See Rabbi Yoel Schwartz’s שלום שלום ואין שלום, p. 53 and onward.
Summary by Gemini:
1. Blind Trust in Unreliable Leaders
A primary parallel drawn is the misplaced trust that democratic leaders placed in aggressive dictators. In 1938, British Prime Minister Neville Chamberlain declared that Adolf Hitler was a man who “could be relied upon”. The sources argue that modern Israeli leaders made a similar mistake by trusting Yasser Arafat, despite his history and the warnings that he, like Hitler, would not keep his promises. Just as Hitler broke the Munich Agreement, the sources claim Arafat used the peace process as a tactical maneuver rather than a sincere commitment to peace.2. Saving a Tyrant on the Brink of Failure
The sources highlight a specific historical irony: just as Hitler’s military leaders were reportedly preparing to depose him due to fears of a disastrous war, the Munich Agreement “saved” his regime by giving him a bloodless victory. A similar parallel is drawn to Yasser Arafat; after the Gulf War, Arafat was politically isolated and weakened due to his support for Saddam Hussein. The sources contend that the Israeli government “saved” the PLO from collapse by signing the peace treaty, thereby elevating Arafat’s status just as Chamberlain had elevated Hitler’s.
3. Strategic Territorial Concessions
The abandonment of Czechoslovakia’s Sudetenland is compared to Israel’s withdrawal from territories like Gaza and Jericho. Churchill warned that partitioning Czechoslovakia under pressure was a “complete surrender” that weakened the democracies and provided the Nazis with advanced weaponry and strategic depth. Similarly, the sources argue that giving the PLO control over Gaza and Jericho turned those areas into “cities of refuge” for terrorists to plan attacks against Israelis, effectively trading strategic security for a false sense of peace.
4. The “Illusion” of Peace and Subsequent ViolenceThe sources emphasize that in both cases, the pursuit of “peace at any price” led to the exact opposite. Chamberlain’s “Peace for our time” preceded the most horrific war in history and the Holocaust. In the Israeli context, the sources note that after the “Gaza and Jericho First” agreements, the number of deaths from terrorism actually increased compared to the years of the Intifada. This is framed as a fulfillment of the biblical warning: “Saying, Peace, peace; when there is no peace”.
5. Peace as a Tactical Truce (Hudaybiyyah)
A specific parallel is made regarding the nature of the “peace” offered by the PLO. The sources mention that Arafat compared the Oslo Accords to the Treaty of Hudaybiyyah, a temporary truce made by the Prophet Muhammad that was later broken once his forces were strong enough to conquer. This mirrors the way the sources view the Nazi strategy: using peace treaties to gain concessions and buy time while preparing for further aggression.
6. Psychological Blindness of the “Peace Seekers”
Finally, the sources describe a psychological parallel: a desperate desire for normalcy that blinds leaders to reality. Churchill observed that the “love of peace” in the hearts of the French and British caused them to ignore Hitler’s obvious preparations for war. The sources argue that the “Leftist government” in Israel and the secular public were similarly blinded by a “craving for peace,” leading them to ignore ongoing incitement and terrorism in order to maintain the fantasy that the conflict had ended.
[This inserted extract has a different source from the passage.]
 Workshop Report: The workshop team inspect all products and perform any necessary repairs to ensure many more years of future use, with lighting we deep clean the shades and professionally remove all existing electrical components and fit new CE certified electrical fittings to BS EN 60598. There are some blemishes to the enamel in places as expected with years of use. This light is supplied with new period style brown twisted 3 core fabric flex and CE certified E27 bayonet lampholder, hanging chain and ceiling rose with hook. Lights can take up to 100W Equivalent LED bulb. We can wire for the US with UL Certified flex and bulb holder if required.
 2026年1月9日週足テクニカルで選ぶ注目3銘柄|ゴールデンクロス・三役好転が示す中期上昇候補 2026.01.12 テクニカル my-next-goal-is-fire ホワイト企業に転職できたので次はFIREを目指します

- The PLO’s 1974 “Phased Plan” is underused in these arguments. The PLO explicitly voted to accept any territory from Israel as a base from which to continue the struggle for all of Palestine. That’s the written strategic doctrine, the equivalent of Mein Kampf as a statement of actual intent rather than negotiating position.
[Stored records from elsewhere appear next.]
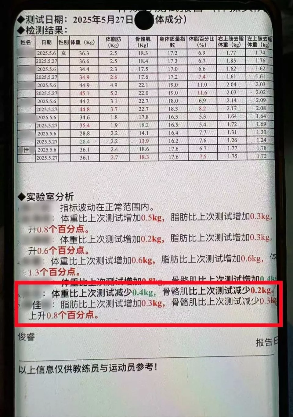 13岁的小佳,身体处于生长发育期。南风窗注意到,在2025年5月的体重检测报告中,时隔21天,7名运动员当中,包括小佳在内,5人出现了体重或脂肪增加。而唯一体重减轻的运动员,骨骼肌减少。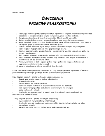 Danuta Dobek ĆWICZENIA PRZECIW PŁASKOSTOPIU 1. Siad ugięty (kolana ugięte), ręce oparte z tyłu o podłoże – zwijanie palcami stóp ręcznika bez obciążenia i z obciążeniem (np. książka na ręczniku), pięta oparta o podłoże. 2. Chwytanie palcami stóp drobnych przedmiotów (klocki, kredki, woreczki). 3. Siad na krześle, kolana proste – unoszenie palcami stóp woreczka i opuszczanie go. 4. Marsz na całych stopach- podłoża dotyka najpierw pięta, później zewnętrzna część stopy a następnie zgięte podeszwowo (w dół) wszystkie palce. 5. Stanie z lekkim oparciem rąk o poręcz krzesła – wysokie wspięcia na palce (niskie wspięcia powodują spłaszczenie łuku poprzecznego stopy). 6. Stanie z oparciem rąk o poręcz krzesła – naprzemienne wysokie wspięcia na palce na prawej i lewej nodze. 7. Siad ugięty – zginanie i prostowanie palców stóp bez unoszenia ich nad podłogą. 8. Siad z kolanami prostymi – chwyty palcami stóp woreczka lub innych przedmiotów i przekładanie ich do przeciwnej dłoni. 9. Postawa, ramiona w bok – ugięcie jednej nogi i położenie stopy na kolanie nogi wyprostowanej (element równowagi). 10. Marsz z ustawianiem stóp w jednej linii lub skrzyżnie. Każde ćwiczenie należy powtórzyć minimum 10 razy. Tempo powinno być wolne. Ćwiczenia powtarzać należy tak długo, jak długo można je wykonywać poprawnie. Przy stopach płaskich i płasko-koślawych przeciwwskazane są: długotrwałe stanie, marsz z dużym obciążeniem dźwiganie ciężarów skoki i zeskoki na twarde podłoże stanie w dużym rozkroku ze stopami skierowanymi na zewnątrz siad klęczny ( na piętach) z podudziami skierowanymi na zewnątrz jazda na łyżwach i rolkach chodzenie na wewnętrznych brzegach stóp i na piętach (może pogłębiać się płaskostopie i koślawość pięty ) - Przy stopach płaskich i płasko-koślawych zalecane są: pływanie (kraul, styl grzbietowy i motylkowy) chodzenie boso po nierównym terenie, wysokiej trawie, mokrym piasku na plaży prawidłowe obuwie wkładki ortopedyczne oraz jednoczesne wykonywanie ćwiczeń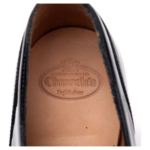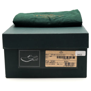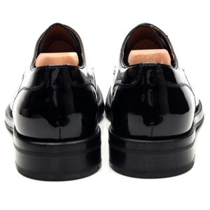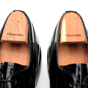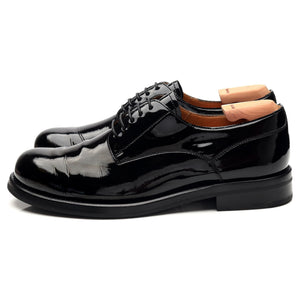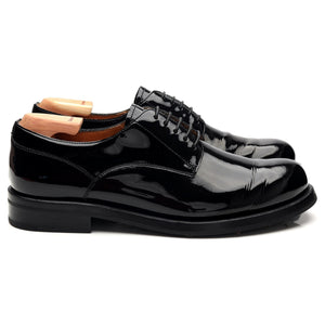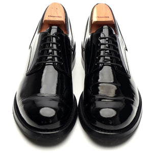 Church's 'Louise' plain toe derby in black patent leather. In excellent used condition.

- The international pressure parallel deserves more development. Just as Britain and France pressured Czechoslovakia’s Beneš to capitulate (he wasn’t even invited to Munich), the U.S. and EU pressure on Israel to concede structurally mirrors the great-power dynamic. The small democratic state being told by its patrons to “be reasonable” is almost identical in form.
- The Camp David 2000 / Taba sequence is a natural extension. Barak’s offer (whatever its precise contours, which remain disputed) should have been the proof of whether the Oslo framework could deliver. Arafat’s rejection and the Second Intifada that followed is arguably the most direct empirical test of the “sincere vs. tactical truce” question — and the outcome supported Rabbi Schwartz’s thesis.
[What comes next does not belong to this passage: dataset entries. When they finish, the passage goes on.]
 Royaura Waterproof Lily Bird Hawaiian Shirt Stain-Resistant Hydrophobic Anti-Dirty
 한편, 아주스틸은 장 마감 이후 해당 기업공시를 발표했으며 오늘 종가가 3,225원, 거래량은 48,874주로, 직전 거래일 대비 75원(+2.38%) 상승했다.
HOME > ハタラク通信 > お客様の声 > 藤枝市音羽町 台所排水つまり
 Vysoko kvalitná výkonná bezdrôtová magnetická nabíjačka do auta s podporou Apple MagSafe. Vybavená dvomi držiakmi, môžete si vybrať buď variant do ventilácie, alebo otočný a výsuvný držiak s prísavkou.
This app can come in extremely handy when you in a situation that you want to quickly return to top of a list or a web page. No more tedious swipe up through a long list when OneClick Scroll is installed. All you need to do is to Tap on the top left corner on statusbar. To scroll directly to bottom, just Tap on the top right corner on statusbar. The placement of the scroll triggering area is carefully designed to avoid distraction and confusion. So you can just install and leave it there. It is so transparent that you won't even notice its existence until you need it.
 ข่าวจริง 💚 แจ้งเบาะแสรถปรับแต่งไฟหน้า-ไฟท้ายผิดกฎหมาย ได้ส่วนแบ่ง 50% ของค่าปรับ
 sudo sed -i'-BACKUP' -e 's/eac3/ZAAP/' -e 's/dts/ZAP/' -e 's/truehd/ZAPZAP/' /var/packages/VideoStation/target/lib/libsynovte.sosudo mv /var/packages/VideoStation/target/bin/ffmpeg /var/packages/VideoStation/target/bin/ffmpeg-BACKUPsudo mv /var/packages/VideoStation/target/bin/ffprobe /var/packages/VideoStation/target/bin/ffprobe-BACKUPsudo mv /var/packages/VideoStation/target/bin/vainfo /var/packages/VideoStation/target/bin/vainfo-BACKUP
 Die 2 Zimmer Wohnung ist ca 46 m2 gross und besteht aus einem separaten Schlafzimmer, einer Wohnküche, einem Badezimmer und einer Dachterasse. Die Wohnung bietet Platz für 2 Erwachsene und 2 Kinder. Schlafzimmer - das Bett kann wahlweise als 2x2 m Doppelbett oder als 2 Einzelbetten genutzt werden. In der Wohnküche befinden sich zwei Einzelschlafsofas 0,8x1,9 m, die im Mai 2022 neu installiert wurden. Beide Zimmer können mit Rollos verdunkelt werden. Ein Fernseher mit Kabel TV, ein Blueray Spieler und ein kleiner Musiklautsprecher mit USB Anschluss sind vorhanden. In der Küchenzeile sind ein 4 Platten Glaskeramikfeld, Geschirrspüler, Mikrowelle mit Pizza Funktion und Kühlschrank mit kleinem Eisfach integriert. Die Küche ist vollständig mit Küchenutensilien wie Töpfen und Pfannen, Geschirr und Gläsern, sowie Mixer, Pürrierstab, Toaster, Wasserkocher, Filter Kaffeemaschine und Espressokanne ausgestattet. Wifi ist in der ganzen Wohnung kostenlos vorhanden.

- The prophetic framing of the title (Jeremiah 6:14, also 8:11; cf. Ezekiel 13:10) is doing more theological work than the summary captures. The nevi’ei sheker (false prophets) who cried שלום שלום weren’t just wrong — they were telling the people what they desperately wanted to hear. That’s the psychological accusation in Point 6: the Israeli left played the role of the false prophets, promising peace because the public craved it.